In the context of the problem provided, where the salt is \(\mathrm{CaCrO}_{4}\), the molar mass calculation would involve adding the atomic masses of one calcium (Ca), one chromium (Cr), and four oxygen (O) atoms. Since the atomic weights of Ca, Cr, and O are approximately 40 g/mol, 52 g/mol, and 16 g/mol, respectively, the molar mass of \(\mathrm{CaCrO}_{4}\) is the sum of these weights.

The accurate determination of molar mass is essential when converting between mass and moles, which is a cornerstone for understanding the quantitative aspects of chemical reactions, including those involving solubility and Ksp.

Concentration of Ions

Ion concentration is a measure of the amount of dissolved ions present in a particular volume of solution.

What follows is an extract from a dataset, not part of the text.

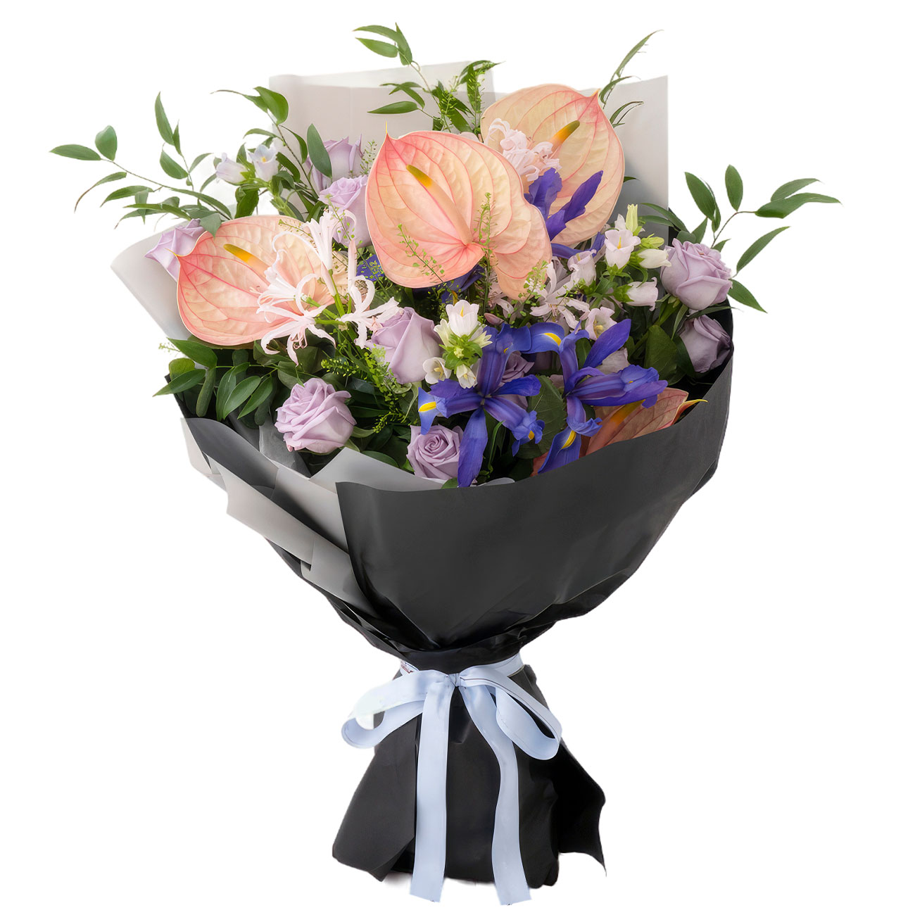 Антуриум розовый, роза кустовая бледно-фиолетовая, ирис фиолетовый голландский, колокольчик белый, зелень. Упаковка (лента, пленка, крафт, сетка, пленка матовая)
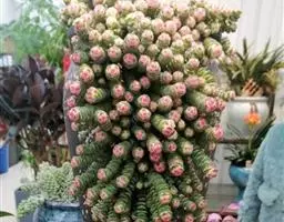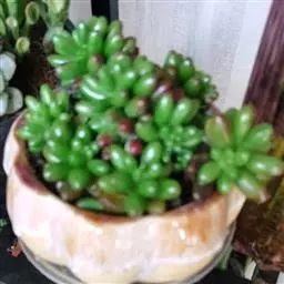玉米石是景天科、景天属植物。多年生草本多浆植物。植株低矮丛生,多分枝。叶膨大成圆筒形、卵形或近小球形,…

It is usually expressed as molarity, which is moles of solute per liter of solution (mol/L). For a saturated solution in equilibrium with a precipitate, the ion concentration can be directly related to the solubility product constant (Ksp).

After determining the number of moles of \(\mathrm{CaCrO}_{4}\) that precipitated from the solution, the next step is to establish the concentration of the constituent ions \(\mathrm{Ca}^{2+}\) and \(\mathrm{CrO}_{4}^{2-}\). Since for each mole of \(\mathrm{CaCrO}_{4}\) that dissolves, one mole of \(\mathrm{Ca}^{2+}\) and one mole of \(\mathrm{CrO}_{4}^{2-}\) ions are formed, their concentrations are equal and directly calculated from the moles of \(\mathrm{CaCrO}_{4}\) as derived from the precipitated mass.

Molarity

Molarity is a measure of the concentration of a solute in a solution. It is defined as the number of moles of solute divided by the volume of solution in liters. Represented by the symbol 'M', its unit of measure is moles per liter (mol/L). For example, a 1 M solution contains 1 mole of solute per liter of solution.

In the given exercise, molarity plays a significant role in the calculation of the solubility product constant (Ksp). The solubility of \(\mathrm{CaCrO}_{4}\) is expressed in terms of the molarity of its ions. The concentration of these ions is obtained by dividing the moles of \(\mathrm{CaCrO}_{4}\) by the volume of the solution, which must be in liters. To ensure accuracy, it's crucial to convert the volume from milliliters to liters before doing this calculation.

As the volume of the solution influences the molarity, and consequently, the Ksp value, proper conversion and precise molarity determination are key steps in solving solubility equilibrium problems.